The trick is that many newsworthy events—riots, disease outbreaks—says the BBC, are preceded by other other less dramatic news stories. But, by digging through such a vast wealth of stories, these otherwise overlooked associations can be pulled out.
In their research paper, the two scientists say that using a mixture of archived news reports and real-time data, they were able to see links between droughts and storms in parts of Africa and cholera outbreaks.
For example in 1973 the New York Times published news of a drought in Bangladesh, and in 1974 it reported a cholera epidemic.
Following reports of another drought in the same country in 1983, the newspaper again reported cholera deaths in 1984.
“Alerts about a downstream risk of cholera could have been issued nearly a year in advance,” wrote researchers Eric Horvitz, director of Microsoft Research, and Kira Radinsky, PhD student at Technion-Israel Institute of Technology.

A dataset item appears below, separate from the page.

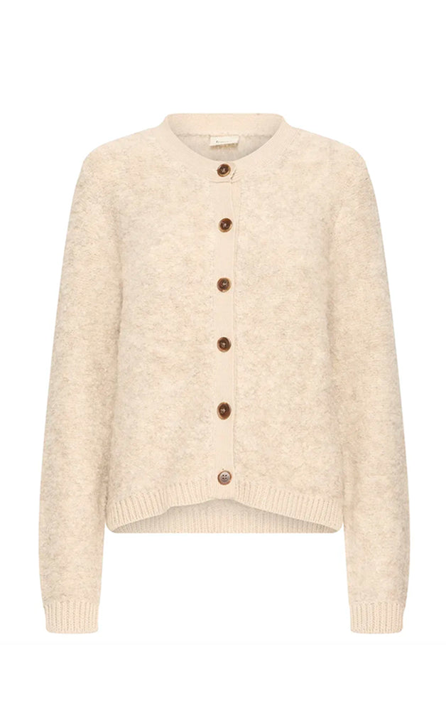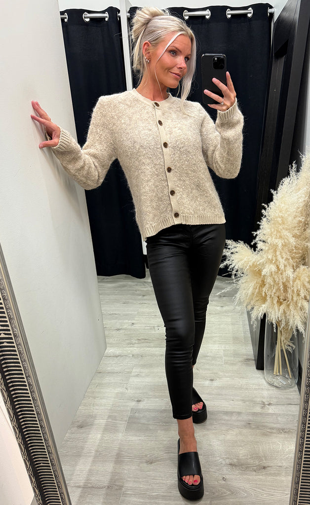 Peysan er úr mjúku og teygjanlegu efni og hneppt niður.

This model doesn’t necessarily mean that, for Bangladesh, drought will always lead to cholera. But, by viewing the occurrences with an eye to the future, an impending drought could be a sign to Bangladeshi water managers to keep a closer eye on their treatment programs, or for healthcare workers to be wary of an outbreak.
Similar links between drought and cholera, says MIT’s Technology Review, were identified for Angola.

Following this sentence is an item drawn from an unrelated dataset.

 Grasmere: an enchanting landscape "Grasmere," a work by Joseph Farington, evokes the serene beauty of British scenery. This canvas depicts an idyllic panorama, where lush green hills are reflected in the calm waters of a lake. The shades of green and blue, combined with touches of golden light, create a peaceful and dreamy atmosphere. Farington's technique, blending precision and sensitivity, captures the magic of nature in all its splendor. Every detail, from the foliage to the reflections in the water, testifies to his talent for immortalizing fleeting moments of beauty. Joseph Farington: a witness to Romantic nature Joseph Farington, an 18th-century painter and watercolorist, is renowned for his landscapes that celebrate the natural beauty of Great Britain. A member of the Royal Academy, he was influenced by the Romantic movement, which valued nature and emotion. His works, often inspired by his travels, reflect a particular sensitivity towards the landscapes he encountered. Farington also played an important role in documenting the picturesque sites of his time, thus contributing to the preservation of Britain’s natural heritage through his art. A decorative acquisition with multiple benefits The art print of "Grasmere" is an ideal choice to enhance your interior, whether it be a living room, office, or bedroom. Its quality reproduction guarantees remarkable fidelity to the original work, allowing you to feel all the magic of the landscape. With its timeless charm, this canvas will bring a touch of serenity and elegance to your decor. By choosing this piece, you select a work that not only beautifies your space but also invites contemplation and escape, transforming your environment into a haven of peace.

In similar tests involving forecasts of disease, violence, and a significant numbers of deaths, the system’s warnings were correct between 70 to 90 percent of the time.

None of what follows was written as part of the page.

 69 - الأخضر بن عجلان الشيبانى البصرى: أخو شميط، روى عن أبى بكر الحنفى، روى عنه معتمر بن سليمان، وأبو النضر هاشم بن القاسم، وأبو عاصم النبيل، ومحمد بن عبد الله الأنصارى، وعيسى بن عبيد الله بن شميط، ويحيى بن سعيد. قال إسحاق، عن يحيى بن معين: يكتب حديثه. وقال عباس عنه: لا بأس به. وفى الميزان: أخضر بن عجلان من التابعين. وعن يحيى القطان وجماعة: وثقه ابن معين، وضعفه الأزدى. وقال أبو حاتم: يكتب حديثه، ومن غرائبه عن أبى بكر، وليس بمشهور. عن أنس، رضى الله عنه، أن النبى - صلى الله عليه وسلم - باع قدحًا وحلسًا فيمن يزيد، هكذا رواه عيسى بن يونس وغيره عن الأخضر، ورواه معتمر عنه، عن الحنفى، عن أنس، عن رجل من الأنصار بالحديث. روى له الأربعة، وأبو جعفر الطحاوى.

Techniques like this one are used in science all the time. Neural networks, machine learning and artificial intelligence approaches have helped YouTube discover—without human intervention—what cats are and have helped paleontologists speed up the fossil hunt. Because they can analyze vast swaths of data, computers are particularly well-suited for pulling out some of the non-obvious trends that permeate history. MIT’s Tom Simonite:
Many things about the world have changed in recent decades, but human nature and many aspects of the environment have stayed the same, Horvitz says, so software may be able to learn patterns from even very old data that can suggest what’s ahead. “I’m personally interested in getting data further back in time,” he says.